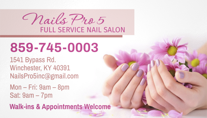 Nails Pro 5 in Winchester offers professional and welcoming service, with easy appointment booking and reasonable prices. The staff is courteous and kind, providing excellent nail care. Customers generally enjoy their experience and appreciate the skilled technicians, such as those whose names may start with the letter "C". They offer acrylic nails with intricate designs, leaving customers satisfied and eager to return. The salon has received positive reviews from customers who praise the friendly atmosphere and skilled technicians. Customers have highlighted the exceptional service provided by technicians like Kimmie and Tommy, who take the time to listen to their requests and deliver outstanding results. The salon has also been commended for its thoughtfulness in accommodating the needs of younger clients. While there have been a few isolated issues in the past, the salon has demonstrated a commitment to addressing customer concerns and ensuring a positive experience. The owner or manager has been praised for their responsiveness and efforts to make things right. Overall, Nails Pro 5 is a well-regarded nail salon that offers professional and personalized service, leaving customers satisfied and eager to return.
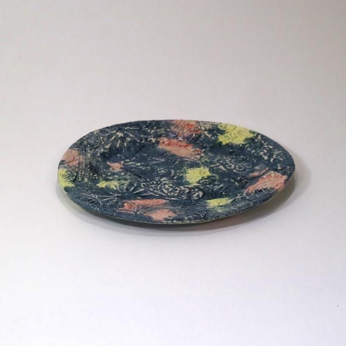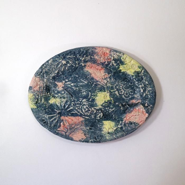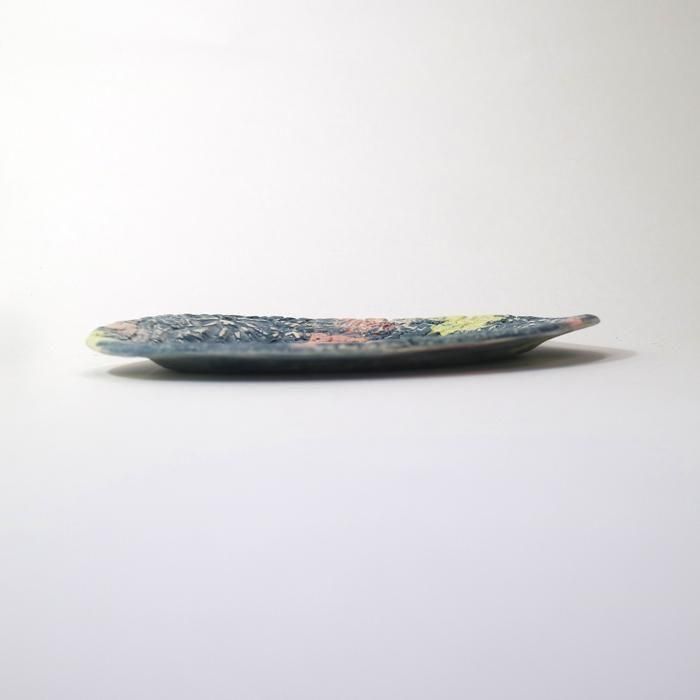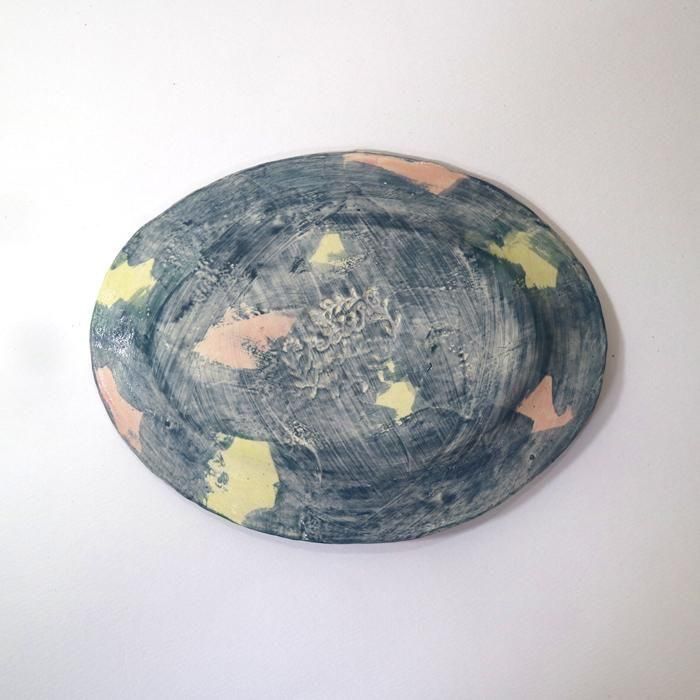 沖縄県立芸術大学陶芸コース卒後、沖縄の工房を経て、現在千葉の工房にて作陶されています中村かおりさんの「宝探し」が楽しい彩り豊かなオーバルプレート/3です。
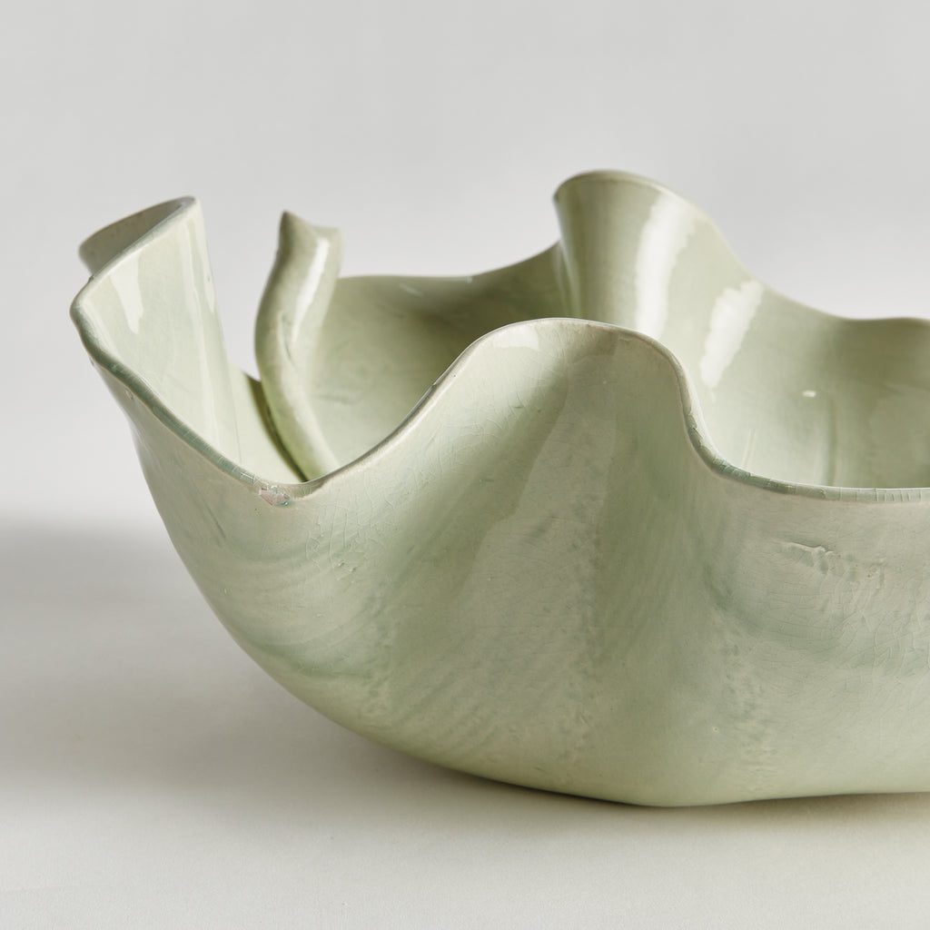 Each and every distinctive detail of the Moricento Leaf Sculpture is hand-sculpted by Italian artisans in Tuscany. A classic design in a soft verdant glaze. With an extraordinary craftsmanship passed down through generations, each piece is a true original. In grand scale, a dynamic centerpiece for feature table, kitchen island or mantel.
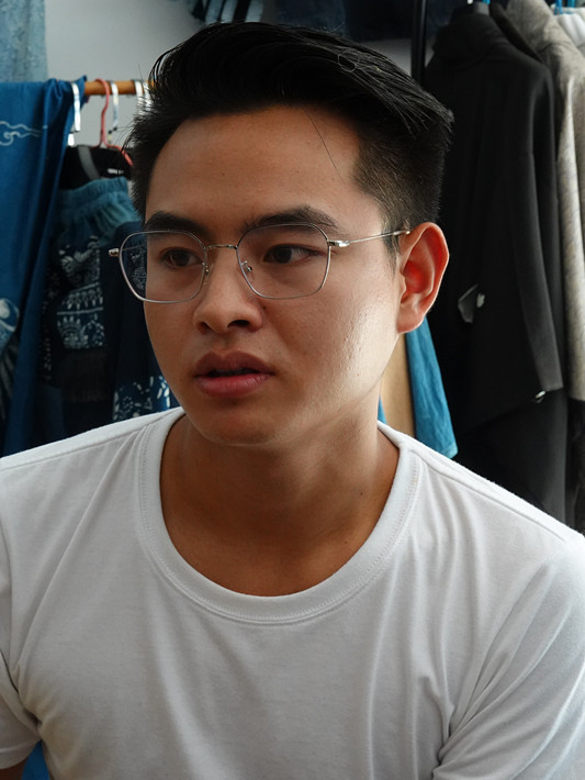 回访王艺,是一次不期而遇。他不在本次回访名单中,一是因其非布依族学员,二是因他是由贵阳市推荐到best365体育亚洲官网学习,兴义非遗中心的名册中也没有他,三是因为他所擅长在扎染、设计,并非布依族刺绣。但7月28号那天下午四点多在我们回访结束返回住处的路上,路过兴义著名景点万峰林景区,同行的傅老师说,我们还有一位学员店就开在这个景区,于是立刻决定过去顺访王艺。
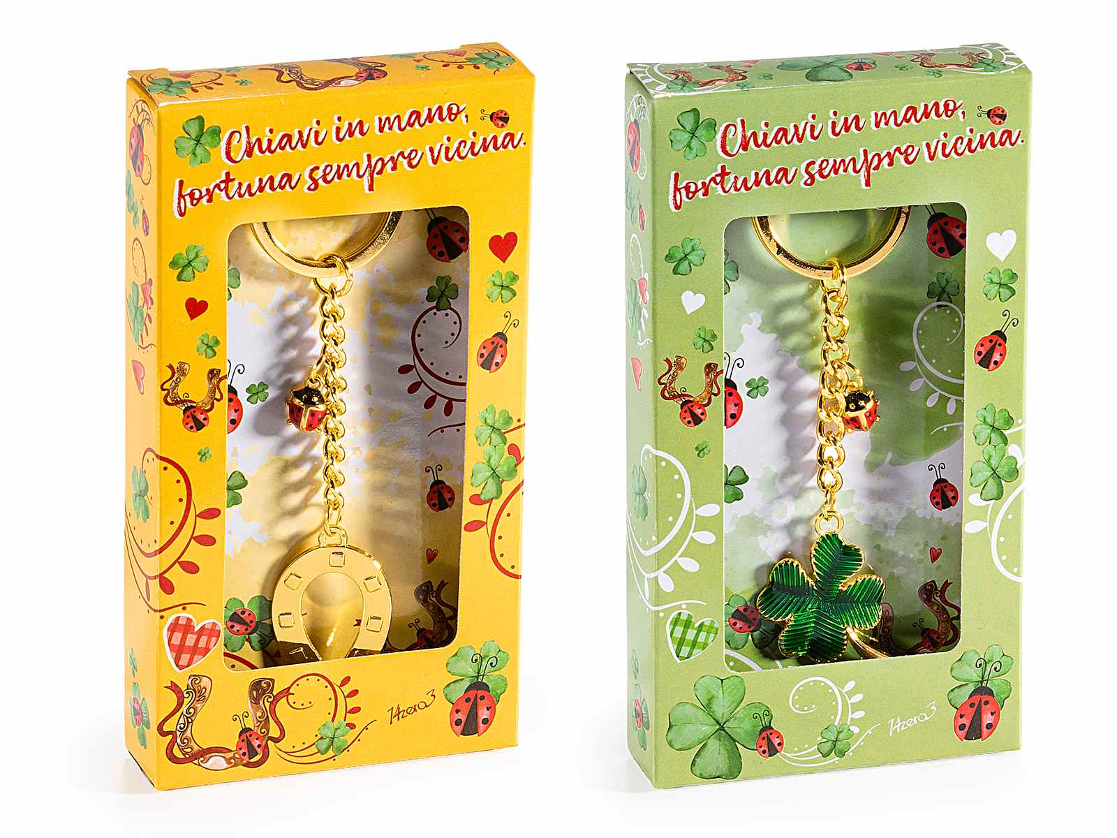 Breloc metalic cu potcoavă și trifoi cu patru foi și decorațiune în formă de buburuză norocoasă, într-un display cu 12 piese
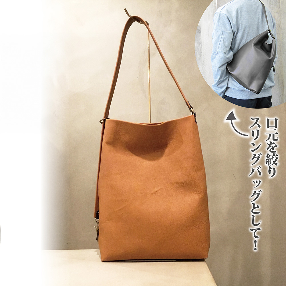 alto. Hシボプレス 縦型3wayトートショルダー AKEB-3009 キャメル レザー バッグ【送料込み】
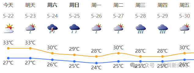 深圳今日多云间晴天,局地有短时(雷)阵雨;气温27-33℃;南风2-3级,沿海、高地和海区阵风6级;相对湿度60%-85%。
---
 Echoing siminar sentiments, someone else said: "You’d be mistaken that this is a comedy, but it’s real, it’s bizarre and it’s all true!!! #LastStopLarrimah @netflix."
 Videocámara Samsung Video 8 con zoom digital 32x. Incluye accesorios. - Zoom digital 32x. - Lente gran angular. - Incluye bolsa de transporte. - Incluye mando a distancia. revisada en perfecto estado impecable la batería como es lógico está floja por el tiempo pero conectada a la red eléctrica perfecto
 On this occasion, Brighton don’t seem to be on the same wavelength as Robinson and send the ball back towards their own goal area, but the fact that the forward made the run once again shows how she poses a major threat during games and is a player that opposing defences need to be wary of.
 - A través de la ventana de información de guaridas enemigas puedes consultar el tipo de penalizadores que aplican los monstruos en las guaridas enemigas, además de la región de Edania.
* * *
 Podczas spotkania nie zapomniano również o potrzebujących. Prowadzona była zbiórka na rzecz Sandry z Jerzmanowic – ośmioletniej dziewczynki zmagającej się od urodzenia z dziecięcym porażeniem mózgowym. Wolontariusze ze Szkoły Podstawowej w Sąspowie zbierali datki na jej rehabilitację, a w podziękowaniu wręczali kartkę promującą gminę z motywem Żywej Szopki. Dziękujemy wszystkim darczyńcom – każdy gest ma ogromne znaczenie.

| PROBLEM TO SOLVE |
Using the data above, show each line where "this" occurs.

| COMPLETED EXERCISE |
 Echoing siminar sentiments, someone else said: "You’d be mistaken that this is a comedy, but it’s real, it’s bizarre and it’s all true!!! #LastStopLarrimah @netflix."
 On this occasion, Brighton don’t seem to be on the same wavelength as Robinson and send the ball back towards their own goal area, but the fact that the forward made the run once again shows how she poses a major threat during games and is a player that opposing defences need to be wary of.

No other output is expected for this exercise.